Instructions to follow: The entries below should be repeated exactly, with no pictures carried over.

(Dataset entries)
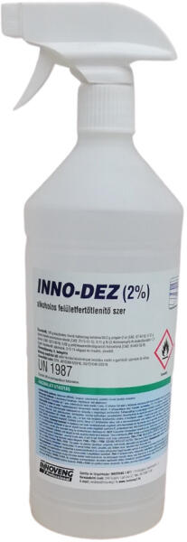 FELÜLETFERTŐTLENÍTŐ SZÓRÓFEJES 1 LITER ALKOHOLOS INNO-DEZ 2% Foglalkozásszerű felhasználók részére készült, a felhasználásra kész folyadék (terméktípus PT2, PT4) alkalmas, mosható és alkoholálló felületek fertőtlenítő tisztítására, fertőtlenítésére. A széles mikrobiológiai hatásspektrum biztosítja a megbízható fertőtlenítést. Felhasználható a szépség
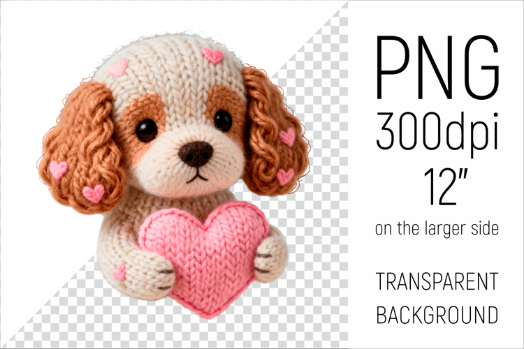 Knitted Valentine Spaniel with Heart Clipart. Ideal for sublimation projects, Valentines Day gifts, mugs, T-shirts, cards, stickers, scrapbooking, nursery decor, planners, and digital crafts.
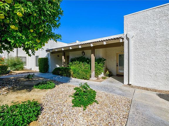 Welcome to Rancho La Paz, where modern upgrades meets desert charm! This fully renovated, turnkey 2-bedroom, 2-bath condo on Fee Simple Land (yes, you own the land!) offers dual master suites - each with 2 large closets! Step inside to a rare gem ideal for flexible modern resort-style living featuring a newly built-in private OFFICE SPACE, brand new fully updated bathrooms with showroom quality vanities, sleek designer hardware, modern finishes throughout, and an overall home that breaks the mold—where every finish, every feature, and every detail has a story to tell! Flow effortlessly from room to room on luxury vinyl plank (LVP) flooring, handpicked for its style and comfort. The home's rich texture and modern lines create a seamless, sophisticated foundation for your personal touch. With beautifully beamed white shiplap vaulted ceilings, upgraded LED recessed lighting features, skylights offering abundant natural light, and an open floor plan, this home is destined to feel bright, spacious, and extremely inviting. The designer-finished updated kitchen features quartz countertops, an island with extra space for bar seating, brand new stainless steel appliances, a large deep single-basin sink, desirable soft-closed drawers, and custom state-of-the-art finishes, opening seamlessly to the living and dining areas. Enjoy year-round comfort with newly installed energy-efficient windows, doors, 3 glass sliders, plus remote-controlled operated ceiling fans strategically placed throughout each room. In-unit laundry access adds highly sought-after convenience that is often hard to find in this area. But wait, it’s not just the inside that shines. Slide open your THREE massive sliding glass doors and find your own sanctuary—a concreted covered patio with mountain views, perfect for morning coffee or stargazing nights. The community is a resort in disguise, featuring 3 pools, 3 spas, 3 tennis courts, 4 pickleball courts, and a dog park for your furry companion. Perfectly situated just minutes from the vibrant heart of downtown Palm Springs, trendy dining, fabulous shopping, and stunning hiking trails, this move-in-ready, sleek & contemporary condo isn’t just a place to live. It’s a place to be—to thrive, to entertain, to savor every day. Why settle for ordinary? This is more than a home. It’s an experience—perfect as a full-time residence, tranquil getaway, or smart investment. Rancho La Paz’s trendiest listing is waiting for you!
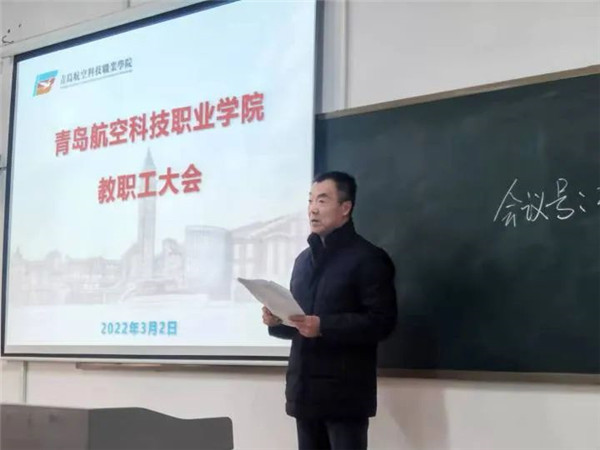 在新的一学期,为进一步提升教师队伍素质水平,促进学校更加稳定发展,2022年3月2日下午,青岛航空科技职业学院召开2022年新学期教职工大会。泛美教育集团特聘专家曹慧贤,校长杨新春,副校长曹青、罗斌、何念兵,党建联络员许广生、魏钦冰等领导出席会议,全体教职工参加会议。
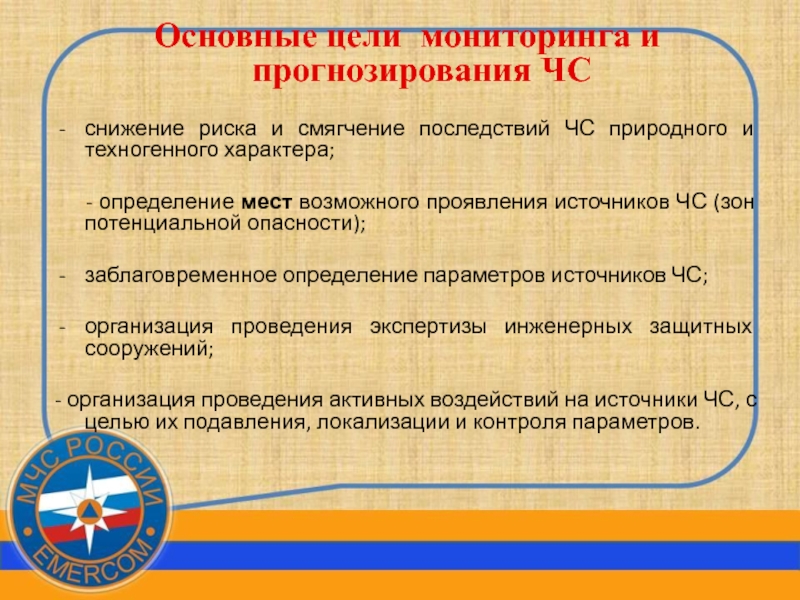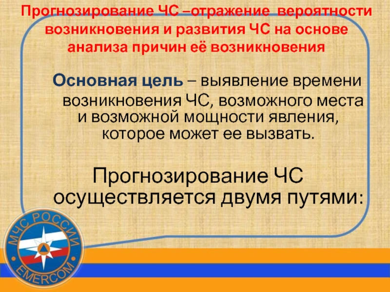 возникновения ЧС, возможного места и возможной мощности явления, которое может ее вызвать.

Task response:
 FELÜLETFERTŐTLENÍTŐ SZÓRÓFEJES 1 LITER ALKOHOLOS INNO-DEZ 2% Foglalkozásszerű felhasználók részére készült, a felhasználásra kész folyadék (terméktípus PT2, PT4) alkalmas, mosható és alkoholálló felületek fertőtlenítő tisztítására, fertőtlenítésére. A széles mikrobiológiai hatásspektrum biztosítja a megbízható fertőtlenítést. Felhasználható a szépség
 Knitted Valentine Spaniel with Heart Clipart. Ideal for sublimation projects, Valentines Day gifts, mugs, T-shirts, cards, stickers, scrapbooking, nursery decor, planners, and digital crafts.
 Welcome to Rancho La Paz, where modern upgrades meets desert charm! This fully renovated, turnkey 2-bedroom, 2-bath condo on Fee Simple Land (yes, you own the land!) offers dual master suites - each with 2 large closets! Step inside to a rare gem ideal for flexible modern resort-style living featuring a newly built-in private OFFICE SPACE, brand new fully updated bathrooms with showroom quality vanities, sleek designer hardware, modern finishes throughout, and an overall home that breaks the mold—where every finish, every feature, and every detail has a story to tell! Flow effortlessly from room to room on luxury vinyl plank (LVP) flooring, handpicked for its style and comfort. The home's rich texture and modern lines create a seamless, sophisticated foundation for your personal touch. With beautifully beamed white shiplap vaulted ceilings, upgraded LED recessed lighting features, skylights offering abundant natural light, and an open floor plan, this home is destined to feel bright, spacious, and extremely inviting. The designer-finished updated kitchen features quartz countertops, an island with extra space for bar seating, brand new stainless steel appliances, a large deep single-basin sink, desirable soft-closed drawers, and custom state-of-the-art finishes, opening seamlessly to the living and dining areas. Enjoy year-round comfort with newly installed energy-efficient windows, doors, 3 glass sliders, plus remote-controlled operated ceiling fans strategically placed throughout each room. In-unit laundry access adds highly sought-after convenience that is often hard to find in this area. But wait, it’s not just the inside that shines. Slide open your THREE massive sliding glass doors and find your own sanctuary—a concreted covered patio with mountain views, perfect for morning coffee or stargazing nights. The community is a resort in disguise, featuring 3 pools, 3 spas, 3 tennis courts, 4 pickleball courts, and a dog park for your furry companion. Perfectly situated just minutes from the vibrant heart of downtown Palm Springs, trendy dining, fabulous shopping, and stunning hiking trails, this move-in-ready, sleek & contemporary condo isn’t just a place to live. It’s a place to be—to thrive, to entertain, to savor every day. Why settle for ordinary? This is more than a home. It’s an experience—perfect as a full-time residence, tranquil getaway, or smart investment. Rancho La Paz’s trendiest listing is waiting for you!
 在新的一学期,为进一步提升教师队伍素质水平,促进学校更加稳定发展,2022年3月2日下午,青岛航空科技职业学院召开2022年新学期教职工大会。泛美教育集团特聘专家曹慧贤,校长杨新春,副校长曹青、罗斌、何念兵,党建联络员许广生、魏钦冰等领导出席会议,全体教职工参加会议。
 возникновения ЧС, возможного места и возможной мощности явления, которое может ее вызвать.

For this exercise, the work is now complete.